Old Dogs
I am currently surveying the disaster that is my kitchen. In less than 12 hours I need to be walking through the doors of C's preschool with 16 cupcakes or other such treat in hand to celebrate his birthday. So far, I'm 0 for 2 in the baking department today. And quickly running out of ingredients to try again.
I fully admit that baking is not my forte. I can whip up many, many other courses without blinking an eye, but hand me a mixer and a cupcake pan and I freeze like a deer in headlights. So the household baking is left to M, who adores it and has a fair amount of culinary talent in the area. But as M has jetted off to Las Vegas on business, I am stuck dealing with the need to provide celebratory substance to a class full of three and four year olds on my own.
One would think I would have learned my lesson after last year's holiday debacles. I should have just headed downtown this afternoon and picked something up at the local bakery. But I've always thought that birthdays should involve homemade cakes and goodies, and therefore felt obligated to bake. So I took both kids to the grocery store to purchase the ingredients needed to make cupcakes and frosting. Or at least the ingredients I thought one needed to make such things.

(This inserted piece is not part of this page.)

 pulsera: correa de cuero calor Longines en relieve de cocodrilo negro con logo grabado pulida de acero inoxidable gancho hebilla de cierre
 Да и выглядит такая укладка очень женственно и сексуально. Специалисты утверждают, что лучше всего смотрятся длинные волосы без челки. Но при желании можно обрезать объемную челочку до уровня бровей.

Upon returning home and actually LOOKING at the recipes, I realized that, duh, butter cream frosting requires, get this, butter. And in an effort to improve M's horrific cholesterol numbers, we don't actually keep such things in our house anymore. Thank god for good friends, as instead of shlepping both kids back to the store I was able to drive twice as far and raid Rebecca's fridge.
Once the kids were in bed, I began to bake. And I had illusions of baking grander, as instead of just pouring batter into little paper wrappers, I decided to get all creative and bake them into ice cream cones. Ice cream cones, paper wrappers, what's the difference, right?

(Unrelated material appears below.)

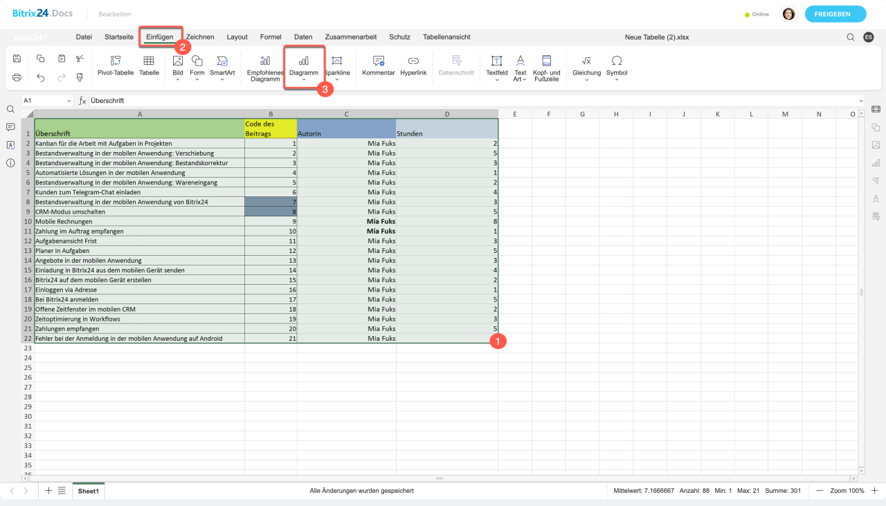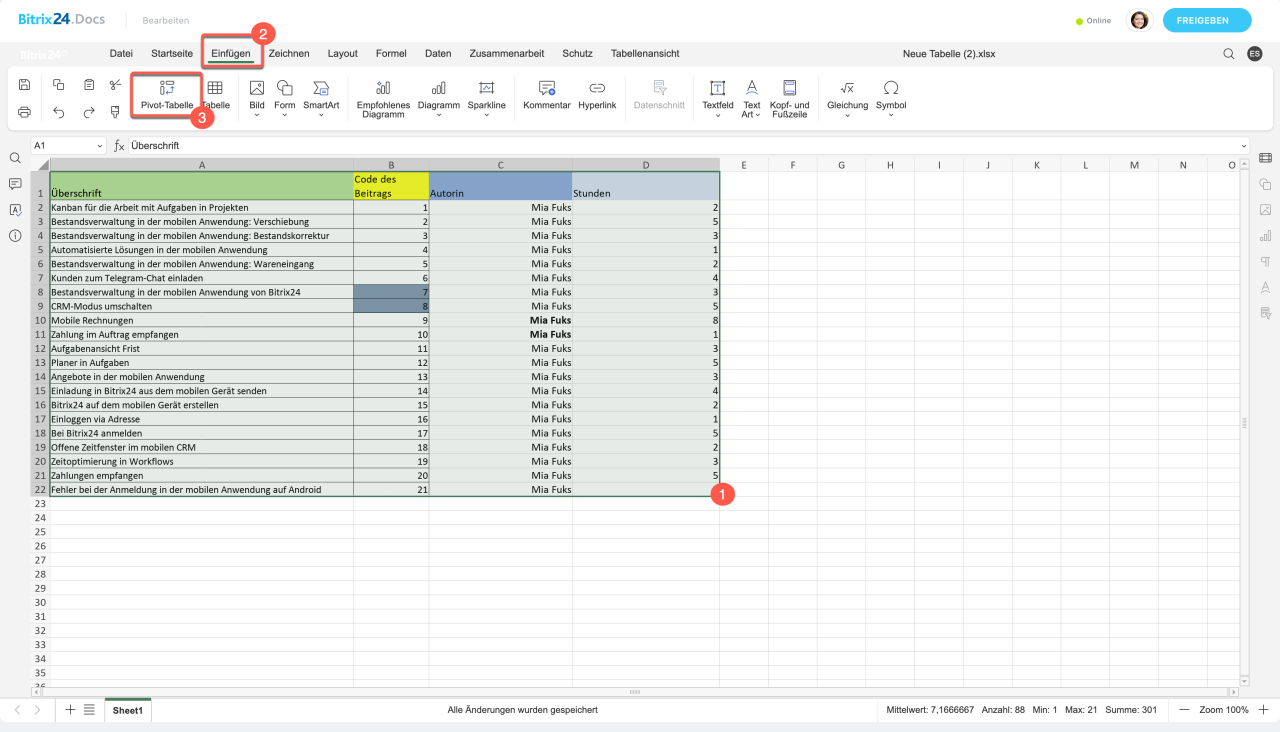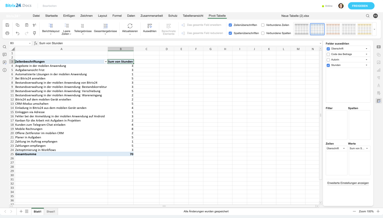 - Bitrix24.Docs bietet zahlreiche Funktionen: Passen Sie das Interface an, erstellen Sie Diagramme, fügen Sie Pivot-Tabellen hinzu und vieles mehr.

Wrong. Apparently batter takes much longer to cook in ice cream cones than it does in paper wrappers. And thank god I was unable to resist biting into one of the finished products, or else I would have been serving raw cupcake batter to a squadron of children who would not have hesitated to make the icky face and spit out the goo. And you KNOW I would have forever been known to C's friends as "the one who served us raw cupcakes."
I am now awaiting the second set of cupcakes to emerge from the oven, and if they are a dismal failure as well I am seriously contemplating calling C in sick. What else can I do? I can't possibly show up for his birthday party with no goodies in hand.
Next year I swear I am delegating this to the bakery. Someone remind me, please????